Manager vs. Leader Personality and Perspectives (Zalesnik, 1993)
Personality and Problem Solving: * Manager: A manager is a problem solver who asks: ‐What problems have to be solved and what are the best ways to achieve results so that people will continue to contribute to this organization?‐ Management is viewed as a practical effort to direct affairs, requiring many people to operate efficiently at different levels of status and responsibility. * Attitude Toward Goals: * Managers: Tend to adopt impersonal, if not passive, attitudes toward goals. * Leaders: Adopt a personal and active attitude toward goals. They are active instead of reactive, shaping ideas rather than responding to them. The influence a leader exerts in altering moods, evoking images and expectations, and establishing specific desires determines the business direction. * Conceptions of Work: * Managers: View work as an enabling process involving a combination of people and ideas interacting to establish strategies and make decisions. They are dominated by a survival instinct rather than a need for risk, leading to an ability to tolerate mundane, practical work. * Leaders: React to mundane work as if it were an ‐affliction.‐ Leaders work from high-risk positions and are often temporarily disposed to seek out risk and danger, especially where the opportunity and reward appear promising. * Relations with Others: * Managers: Relate to people according to the role they play in a sequence of events or decision-making processes. * Leaders: Concerned with ideas; they relate in more intuitive and empathetic ways. * Senses of Self: * Managers: Sense of self-worth is enhanced by perpetuating and strengthening existing institutions. They perform in roles that harmonize with ideals of duty and responsibility. * Leaders: Tend to be ‐twice-born‐ personalities who feel separate from their environment. They may work in organizations but never truly ‐belong‐ to them. Their sense of identity does not depend on memberships, work roles, or social indicators.
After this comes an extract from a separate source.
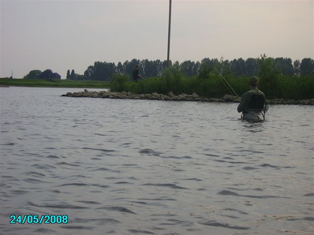Wel jammer omdat we hier met enige regelmaat de roofblei zien jagen. Als het al begint te schemeren besluiten we terug te lopen en zien we Willem, Jos en Rob ook druk aan het vissen. Rob heeft al snel met een goed geplaatste worp een visje tot het nemen van de nimf verleid. Nu het tijd is om naar huis te gaan zien we plotseling azende vis op het ondiepe deel tussen de kribben stijgen. Even overwegen we nog om de reeds afgetuigde hengels weer op te tuigen, maar we besluiten dan toch maar dat deze voor de volgende keer zijn!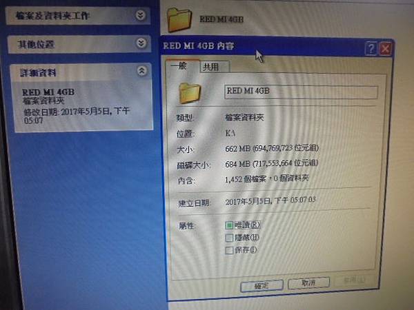 Xiaomi小米-紅米4GB→智慧型手機存有很多照片~不知原因找不到照片→DCIM資料夾全數消失~已救回狗狗的照片檔案→比對OTG與硬碟兩邊照片數量容量正確~新北市永和區-林小姐【1452個檔案】

Trait Theories of Leadership
General Definition: Trait theories focus on differentiating leaders from non-leaders by identifying personality qualities, and social, physical, or intellectual attributes.
Six Traits of Leaders (Robbins): 1. Ambition and Energy. 2. Desire to Lead. 3. Honesty and Integrity. 4. Self-confidence. 5. Intelligence. 6. Job-relevant Knowledge.
Seven Competencies of Effective Leaders (McShane & Von Glinow, 2000): 1. Drive: Represents a high effort level. 2. Leadership Motivation: A strong desire to lead others and accept responsibility. 3. Integrity: Possession of truthfulness and the tendency to translate words into deeds. 4. Self-confidence. 5. Intelligence: Mentioned as being ‐above average‐ to process information, formulate strategies, and solve problems. 6. Knowledge of the Business: Necessary for making well-informed decisions and understanding consequences. 7. Emotional Intelligence: Requires a self-monitoring personality.
Robbins' Caveat: Some traits increase the likelihood of success, but no single trait guarantees it.
Limitations of the Trait Approach (Robbins, 2000): 1. There are no universal traits that predict leadership across all situations. 2. Traits predict behavior more accurately in ‐weak‐ situations than in ‐strong‐ situations. 3. The evidence is unclear in separating cause from effect (e.g., does self-confidence lead to leadership, or does successful leadership build self-confidence?). 4. Traits are better at predicting the appearance of leadership than distinguishing between effective and ineffective leaders. 5. Some personality traits are subjective and may be due to the follower's stereotype of leadership rather than actual characteristics.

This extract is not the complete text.